▶ Exercise goal
Skip every picture, and copy exactly the lines from the one containing "- 找搭子:台球搭子,饭搭子" to the end of the data.

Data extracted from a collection

§ §

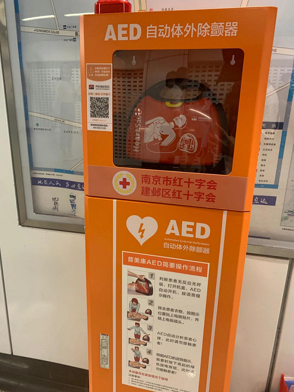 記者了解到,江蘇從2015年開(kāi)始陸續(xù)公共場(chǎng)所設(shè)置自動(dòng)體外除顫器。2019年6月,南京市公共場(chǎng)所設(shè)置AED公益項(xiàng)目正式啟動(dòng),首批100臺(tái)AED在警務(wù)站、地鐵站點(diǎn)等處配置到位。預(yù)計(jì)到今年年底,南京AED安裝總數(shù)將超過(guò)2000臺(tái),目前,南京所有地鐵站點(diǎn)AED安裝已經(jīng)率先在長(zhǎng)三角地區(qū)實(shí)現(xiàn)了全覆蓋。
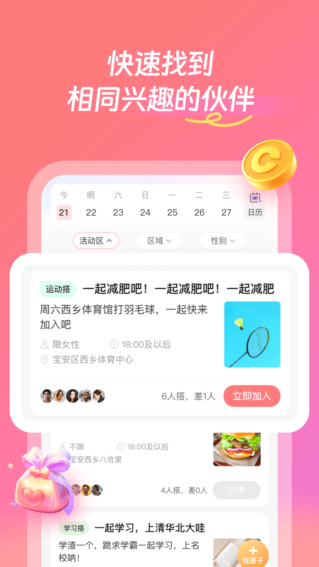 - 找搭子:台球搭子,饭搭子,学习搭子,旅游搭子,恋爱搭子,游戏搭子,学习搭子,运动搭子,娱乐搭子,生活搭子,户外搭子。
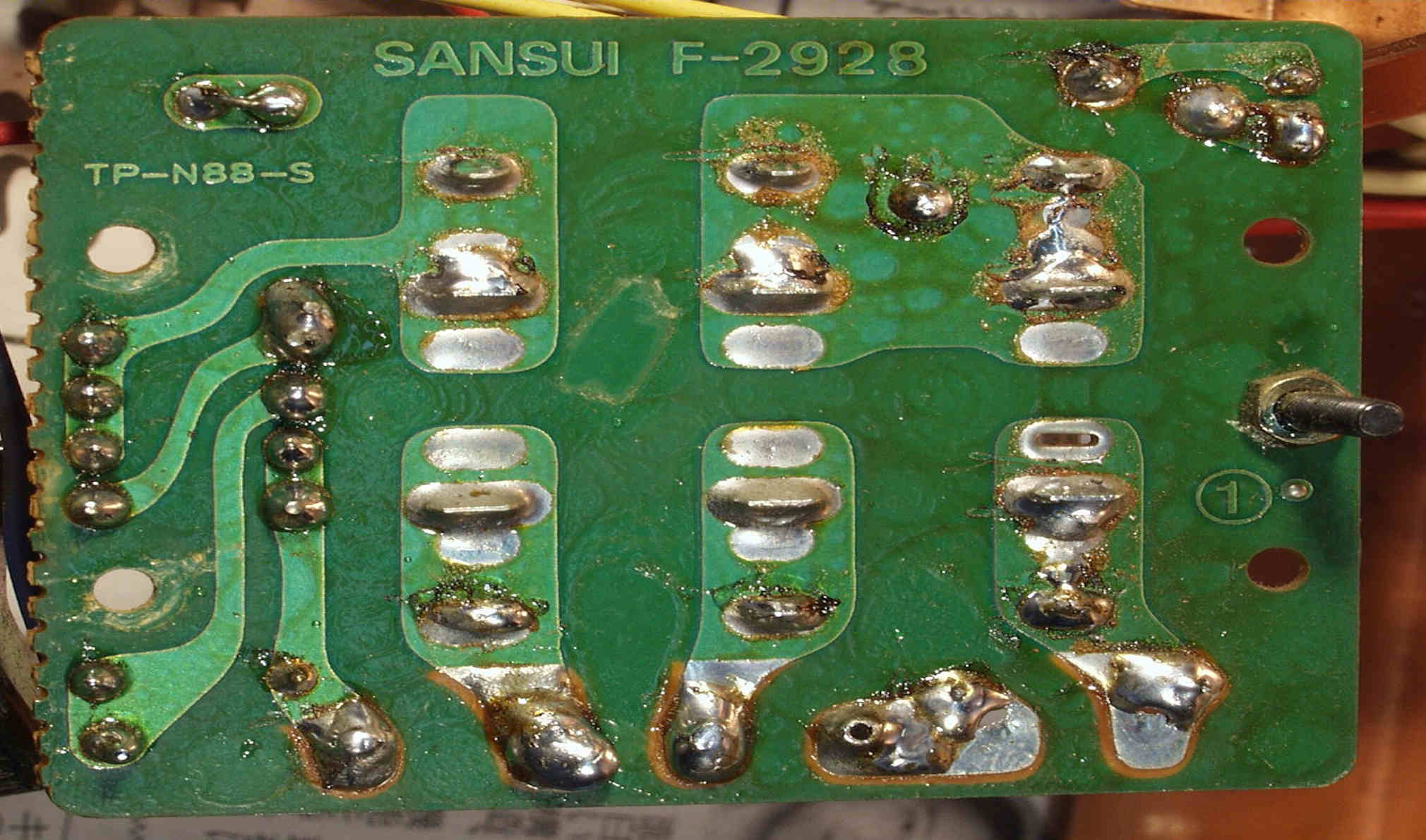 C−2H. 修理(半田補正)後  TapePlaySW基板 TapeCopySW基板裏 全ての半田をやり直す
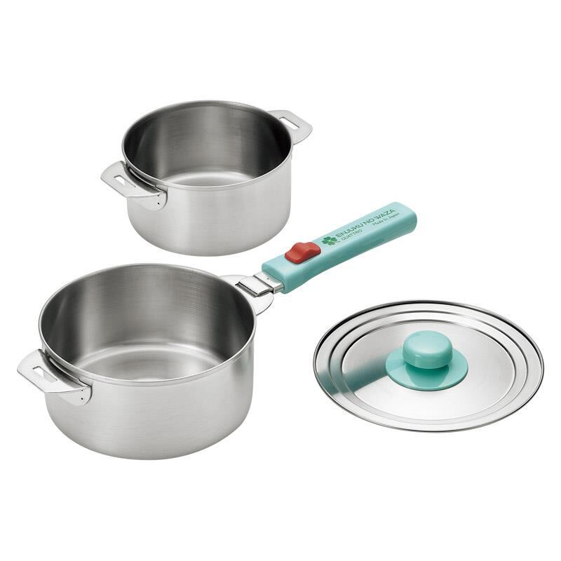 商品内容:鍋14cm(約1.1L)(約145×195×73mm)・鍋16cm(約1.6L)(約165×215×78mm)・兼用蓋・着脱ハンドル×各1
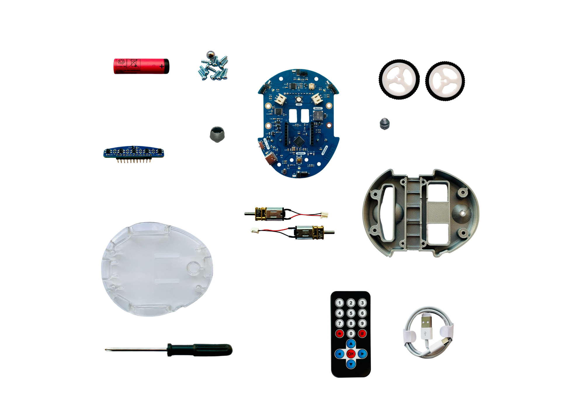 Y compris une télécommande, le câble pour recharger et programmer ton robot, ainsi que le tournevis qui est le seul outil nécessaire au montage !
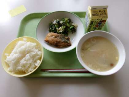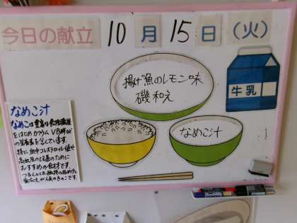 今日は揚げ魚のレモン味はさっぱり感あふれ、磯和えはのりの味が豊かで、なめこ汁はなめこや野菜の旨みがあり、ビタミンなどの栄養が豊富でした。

§ §

▶ Solution for this problem
 - 找搭子:台球搭子,饭搭子,学习搭子,旅游搭子,恋爱搭子,游戏搭子,学习搭子,运动搭子,娱乐搭子,生活搭子,户外搭子。
 C−2H. 修理(半田補正)後  TapePlaySW基板 TapeCopySW基板裏 全ての半田をやり直す
 商品内容:鍋14cm(約1.1L)(約145×195×73mm)・鍋16cm(約1.6L)(約165×215×78mm)・兼用蓋・着脱ハンドル×各1
 Y compris une télécommande, le câble pour recharger et programmer ton robot, ainsi que le tournevis qui est le seul outil nécessaire au montage !
 今日は揚げ魚のレモン味はさっぱり感あふれ、磯和えはのりの味が豊かで、なめこ汁はなめこや野菜の旨みがあり、ビタミンなどの栄養が豊富でした。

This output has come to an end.